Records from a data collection
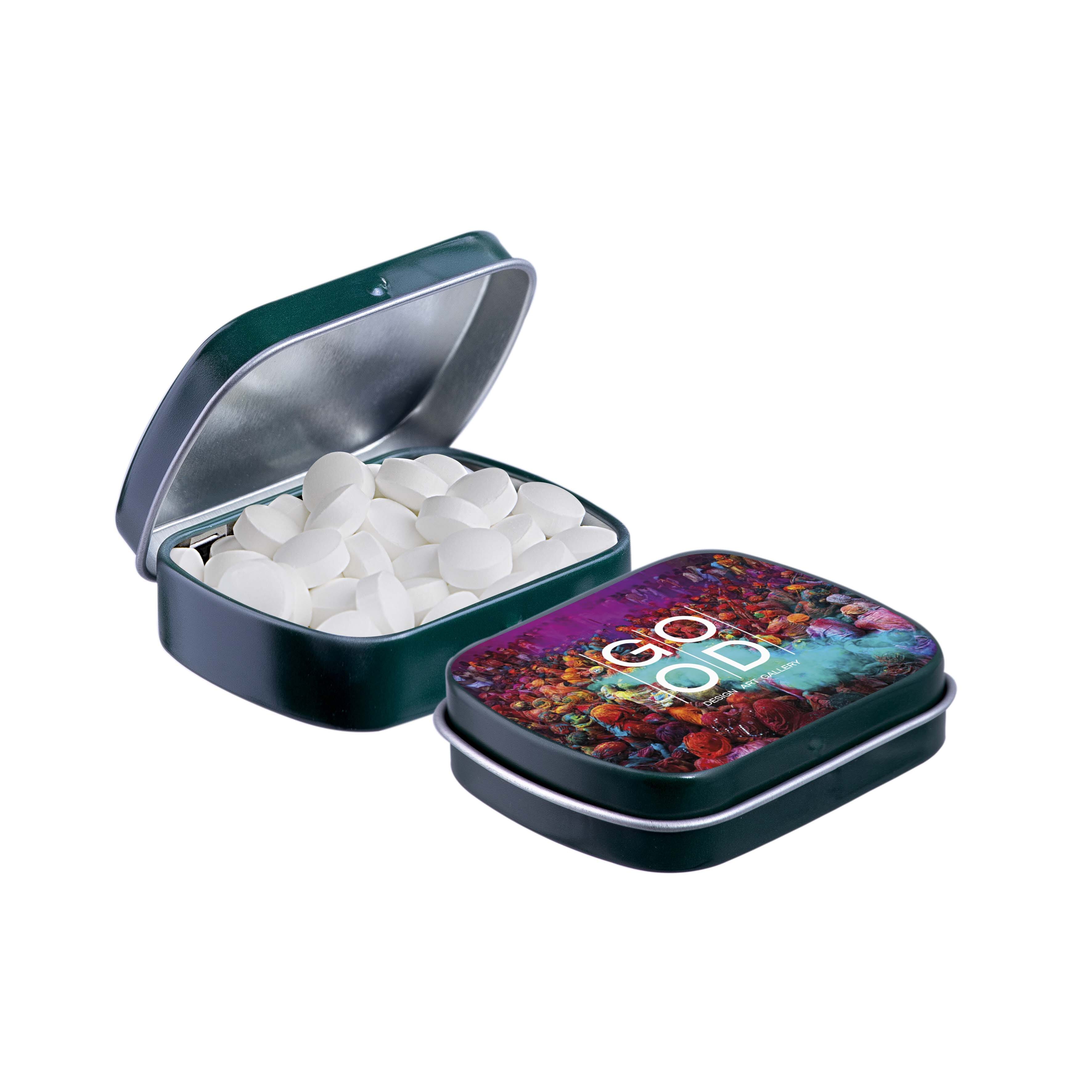 Mini scharnierblikje donkergroen met ca. 23 gram Druivensuiker mint bolletjes en voorzien van een full colour bedrukking. Inclusief ingrediëntensticker en seal.
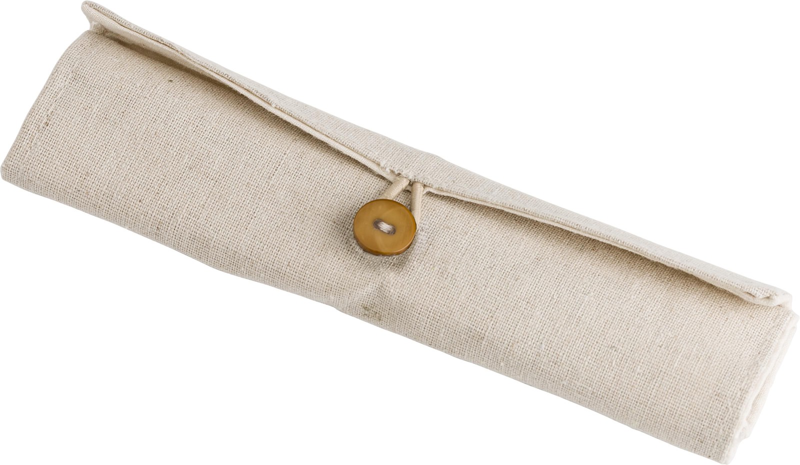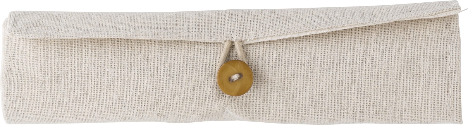 Persoonallinen penaali, joka kääritään kiinni. Puuvillaa/juuttia.
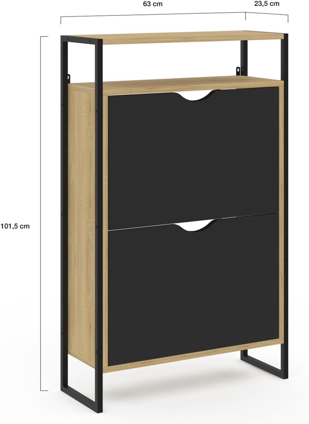 Avec sa capacité de 12 paires de chaussures, 6 paires par compartiment, toute la famille trouvera une place pour garder ses chaussures à l’abri de la poussière ! Les espaces de rangement sont séparés intérieurement par une cloison intermédiaire très pratique pour organiser votre dressing à chaussures. De plus, les abattants des portes, gain de place, permettent une ouverture aisée.Son étagère supérieure quant à elle est idéale pour placer votre vide-poche et poser de jolis objets décoratifs ou petites plantes vertes.Astucieux grâce à ses dimensions compactes, il n’encombrera pas votre pièce !De son côté, la structure en particules de bois et en métal apporte design, mais aussi robustesse et stabilité au meuble.Vous pouvez également l’installer dans une buanderie, un dressing, ou même un bureau ! Combinez les par 1, par 2 ou par 3 selon vos besoins !Ne laissez plus traîner vos paires de chaussures et craquez pour ce meuble d’entrée industriel qui fera de votre vestibule un espace accueillant et bien rangé ! Dimensions du meuble chaussures BOSTON design industrielDimensions globales : Longueur 63 cm x largeur 23,5 cm x Hauteur 101,5 cmHauteur de l’étagère : 15 cmHauteur des portes : 35 cmMatériaux : Particules de bois et métalColoris : Bois et noirÀ fixer au mur pour éviter tout risque de basculementMeuble à chaussures prévu pour des pointures allant jusqu’au 41À monter soi-mêmeCe modèle existe également dans la collection LUIS en coloris bois clair et métal noir.Retrouvez l’ensemble de notre collection industrielle sur notre boutique en ligne !
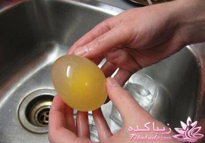 تغییر کردن ظاهر تخم مرغ در سرکه
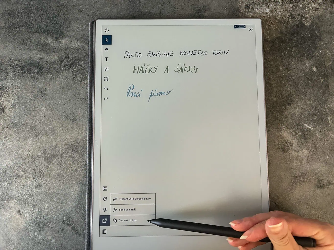 Ogromną zaletą notatników reMarkable jest ich zdolność do obsługi konwersji tekstu. Notatnik rozpoznaje odręczne pismo, nawet jeśli nie jest ono zbyt wyraźne czy zapisane w sposób kaligraficzny. Obsługuje on również rozróżnianie wielkości liter. Można pisać zarówno drukowanymi literami, jak i starannym pismem kaligraficznym. Urządzenie doskonale rozpoznaje znaki diakrytyczne, dzięki czemu radzi sobie również z polskim tekstem.
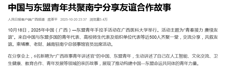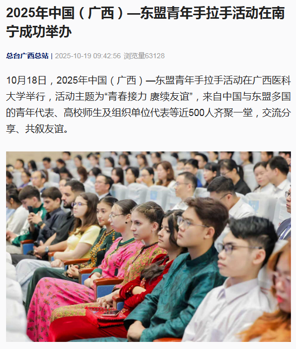 近日,人民日报客户端、央视新闻、广西云-广西日报报道10月18日,2025年中国(广西)—东盟青年手拉手活动在beat365举行。活动主题为“青春接力 赓续友谊”。来自中国与东盟多国的青年代表、高校师生代表及组织单位代表等近500人齐聚一堂,交流分享,共叙友谊。柬埔寨、老挝、越南驻南宁总领事馆官员出席活动。

**Assignment:** Give back an exact repeat of the lines from the top of the data through the line that holds "تغییر کردن ظاهر تخم مرغ در سرکه", both included, and omit pictures.

**Response to the exercise:**
 Mini scharnierblikje donkergroen met ca. 23 gram Druivensuiker mint bolletjes en voorzien van een full colour bedrukking. Inclusief ingrediëntensticker en seal.
 Persoonallinen penaali, joka kääritään kiinni. Puuvillaa/juuttia.
 Avec sa capacité de 12 paires de chaussures, 6 paires par compartiment, toute la famille trouvera une place pour garder ses chaussures à l’abri de la poussière ! Les espaces de rangement sont séparés intérieurement par une cloison intermédiaire très pratique pour organiser votre dressing à chaussures. De plus, les abattants des portes, gain de place, permettent une ouverture aisée.Son étagère supérieure quant à elle est idéale pour placer votre vide-poche et poser de jolis objets décoratifs ou petites plantes vertes.Astucieux grâce à ses dimensions compactes, il n’encombrera pas votre pièce !De son côté, la structure en particules de bois et en métal apporte design, mais aussi robustesse et stabilité au meuble.Vous pouvez également l’installer dans une buanderie, un dressing, ou même un bureau ! Combinez les par 1, par 2 ou par 3 selon vos besoins !Ne laissez plus traîner vos paires de chaussures et craquez pour ce meuble d’entrée industriel qui fera de votre vestibule un espace accueillant et bien rangé ! Dimensions du meuble chaussures BOSTON design industrielDimensions globales : Longueur 63 cm x largeur 23,5 cm x Hauteur 101,5 cmHauteur de l’étagère : 15 cmHauteur des portes : 35 cmMatériaux : Particules de bois et métalColoris : Bois et noirÀ fixer au mur pour éviter tout risque de basculementMeuble à chaussures prévu pour des pointures allant jusqu’au 41À monter soi-mêmeCe modèle existe également dans la collection LUIS en coloris bois clair et métal noir.Retrouvez l’ensemble de notre collection industrielle sur notre boutique en ligne !
 تغییر کردن ظاهر تخم مرغ در سرکه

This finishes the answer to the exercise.